#### [Problem requirements]
The first line of the entries is where the copy starts and the line with "(a) GI-XRD pattern" is where it ends; set down each line exactly, both ends included, and drop pictures.

(Stored items from a collection)
————————
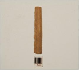 | Description / विवरण | A blade made on chert, prepared platform an proximal end, double ridge on dorsal side and use marks on working edges. |
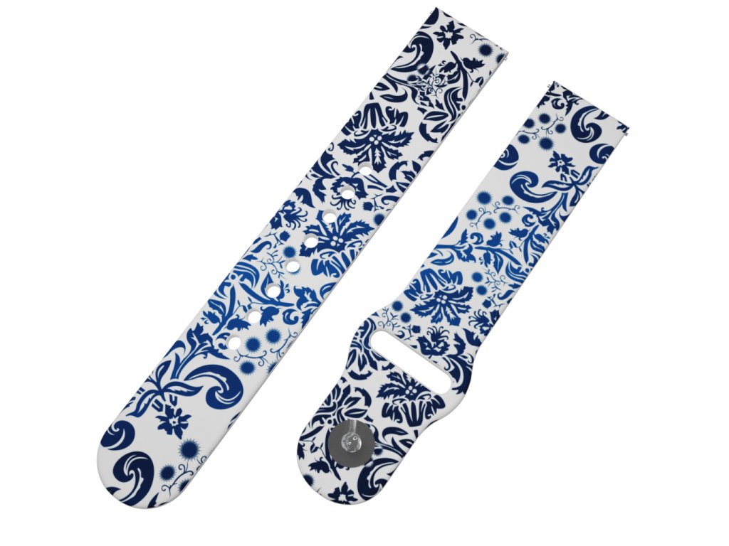 Bílý náhradní řemínek pro chytré hodinky s potiskem modrých květin.
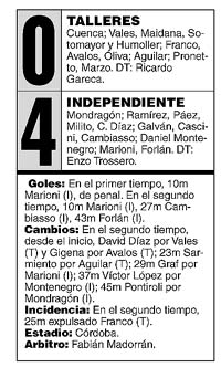 Independiente goleó a Talleres de Córdoba por 4-0 y se acercó a los líderes, en un encuentro adelantado de la décima fecha del Clausura. El conjunto de Avellaneda, que marcó sus goles por intermedio de Bruno Marioni, en dos ocasiones –uno de penal–, Esteban Cambiasso y Diego Forlán, llegó a las 16 unidades, dos menos que los líderes Boca y River, que tienen dos partidos menos y juegan hoy.
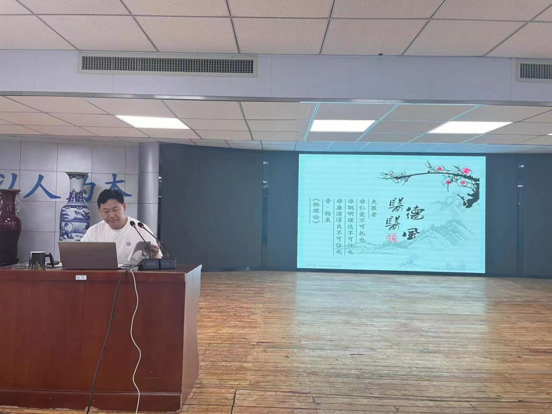 纪委监察室主任杨竞就目前医院在医患关系面临的现状,以及影响医患关系的因素进行了分析和讲解,详细介绍了创建清廉医院、清廉科室、清廉个人等示范点建设,要求大家廉洁行医,全心全意服务患者。
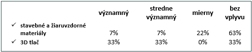 Zhrnutie: Zavádzaním tejto inovácie do výrobného procesu v rámci výroby stavebných a žiaruvzdorných materiálov a 3D tlače sa z celkového počtu 30 zamestnaní predpokladá zmena v rámci odborných spôsobilostí pri 12-tich zamestnaniach a 18 zamestnaní inovácia neovplyvní.
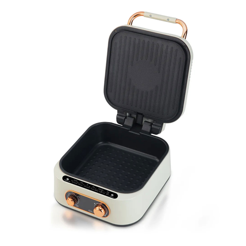 🔄 يمكن تسطيح طبق الطهي بزاوية 180 درجة لتوفير مساحة أكبر وتقليل وقت الطهي للنصف
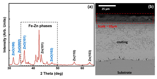 (a) GI-XRD pattern and (b) SEM micrograph of the oxidized hot-dip coating.
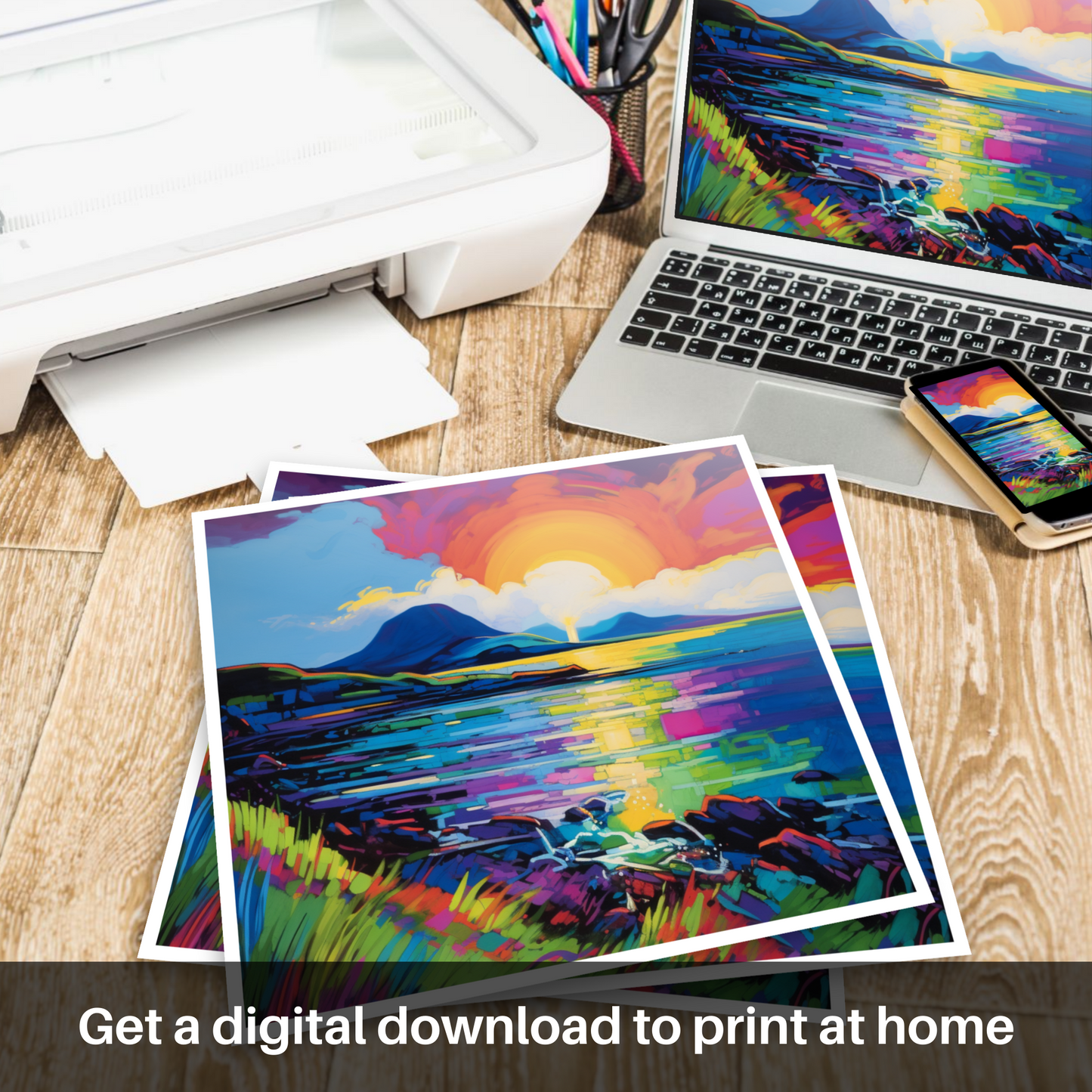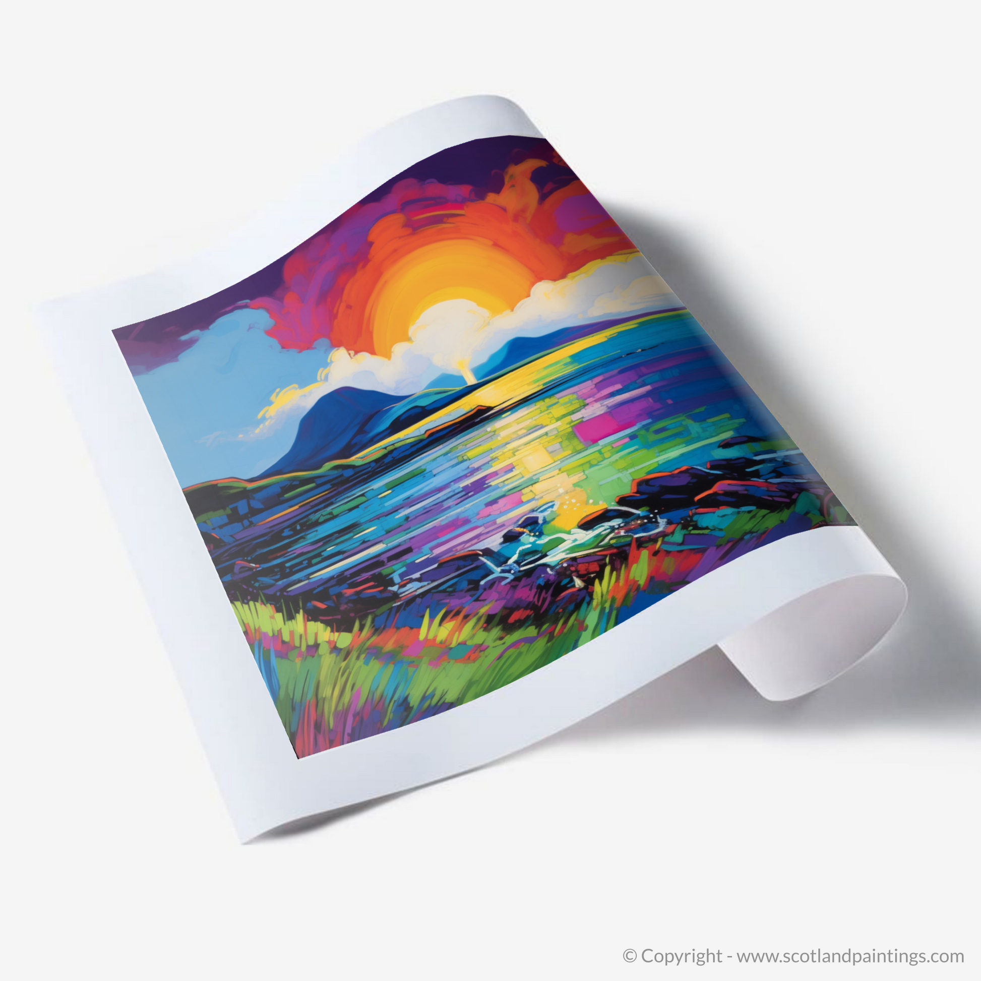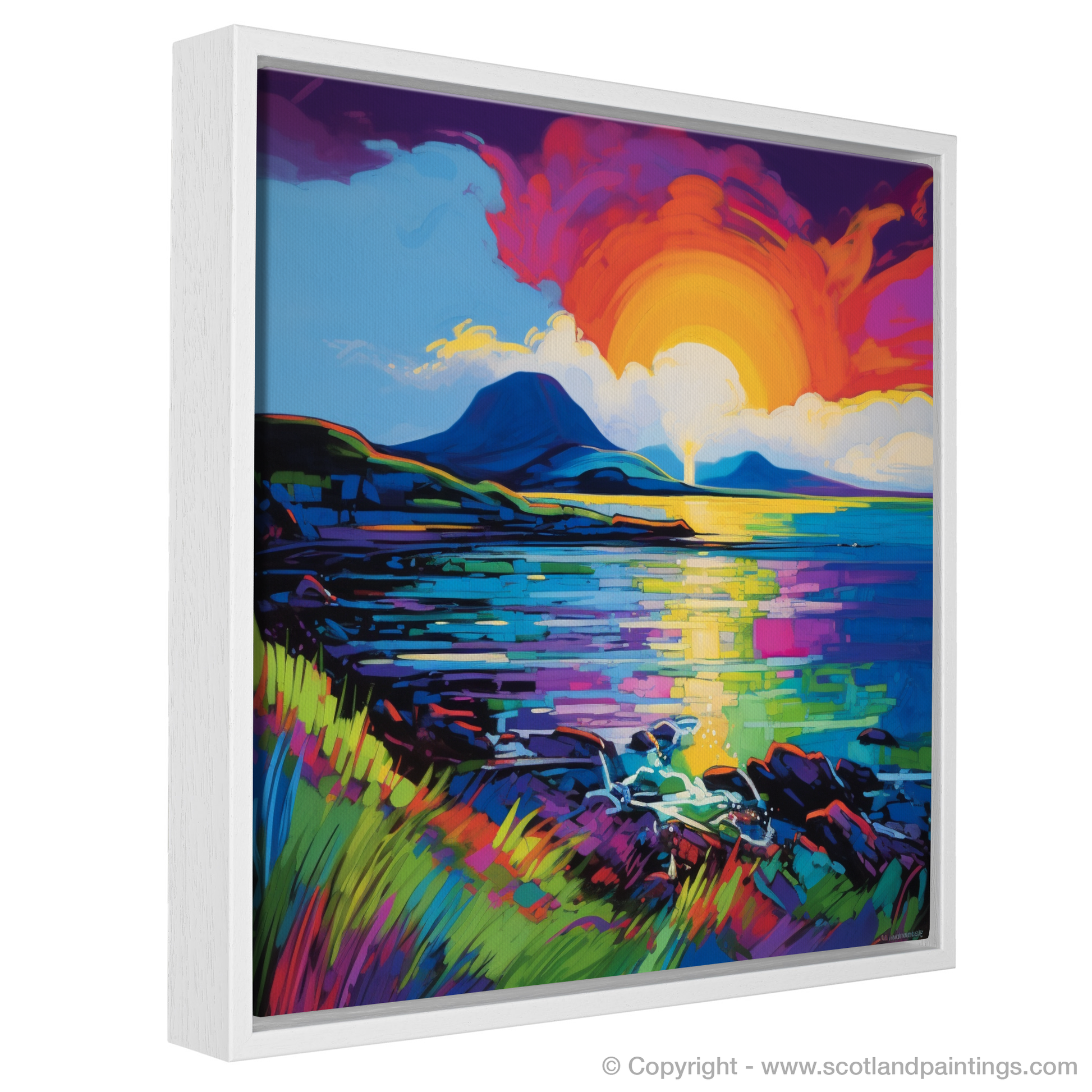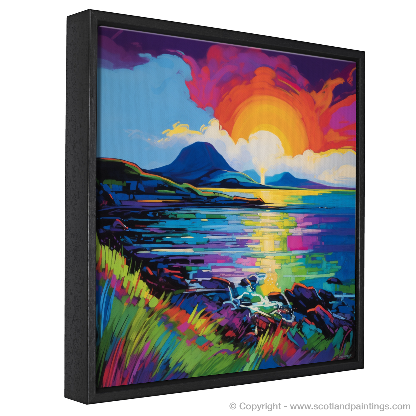 Every element in this arresting print contributes to a sense of exuberance and energy, making it an ideal statement piece for lovers of both modern art and the wild Scottish landscape. Its eye-catching appeal and stunning reinterpretation of a classic island view ensure that this print will become a conversation piece in any setting, imbuing your space with the unique essence of Scotland's enchanting islands.
————————
#### [Response to the exercise]
 | Description / विवरण | A blade made on chert, prepared platform an proximal end, double ridge on dorsal side and use marks on working edges. |
 Bílý náhradní řemínek pro chytré hodinky s potiskem modrých květin.
 Independiente goleó a Talleres de Córdoba por 4-0 y se acercó a los líderes, en un encuentro adelantado de la décima fecha del Clausura. El conjunto de Avellaneda, que marcó sus goles por intermedio de Bruno Marioni, en dos ocasiones –uno de penal–, Esteban Cambiasso y Diego Forlán, llegó a las 16 unidades, dos menos que los líderes Boca y River, que tienen dos partidos menos y juegan hoy.
 纪委监察室主任杨竞就目前医院在医患关系面临的现状,以及影响医患关系的因素进行了分析和讲解,详细介绍了创建清廉医院、清廉科室、清廉个人等示范点建设,要求大家廉洁行医,全心全意服务患者。
 Zhrnutie: Zavádzaním tejto inovácie do výrobného procesu v rámci výroby stavebných a žiaruvzdorných materiálov a 3D tlače sa z celkového počtu 30 zamestnaní predpokladá zmena v rámci odborných spôsobilostí pri 12-tich zamestnaniach a 18 zamestnaní inovácia neovplyvní.
 🔄 يمكن تسطيح طبق الطهي بزاوية 180 درجة لتوفير مساحة أكبر وتقليل وقت الطهي للنصف
 (a) GI-XRD pattern and (b) SEM micrograph of the oxidized hot-dip coating.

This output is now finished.